SUPPLIED MATERIAL.
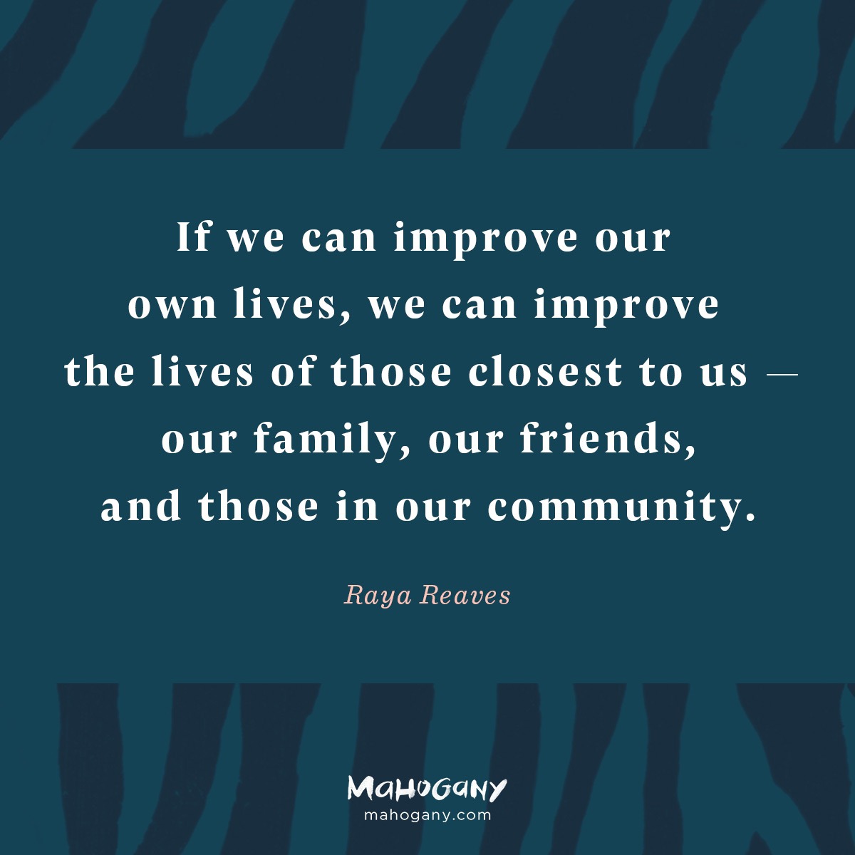 If we can improve our own lives, we can improve the lives of those closest to us — our family, our friends, and those in our community.
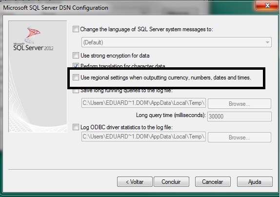 Deve ser adicionado na documentação uma orientação para não habilitar o check box conforme anexo(Configuracao_odbc).
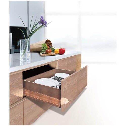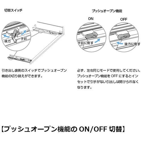 スライドレールが外側から見えないため、キャビネットなどのデザイン性を損ないません。プッシュオープンで開き、閉じる際はソフトクローズします。閉じ際の跳ね返りがなく、スムーズに閉まります。 |

WHAT YOU HAVE TO DO.
When you write out the material, reproduce each line exactly and omit any picture it holds.

YOUR RESPONSE.
 If we can improve our own lives, we can improve the lives of those closest to us — our family, our friends, and those in our community.
 Deve ser adicionado na documentação uma orientação para não habilitar o check box conforme anexo(Configuracao_odbc).
 スライドレールが外側から見えないため、キャビネットなどのデザイン性を損ないません。プッシュオープンで開き、閉じる際はソフトクローズします。閉じ際の跳ね返りがなく、スムーズに閉まります。 |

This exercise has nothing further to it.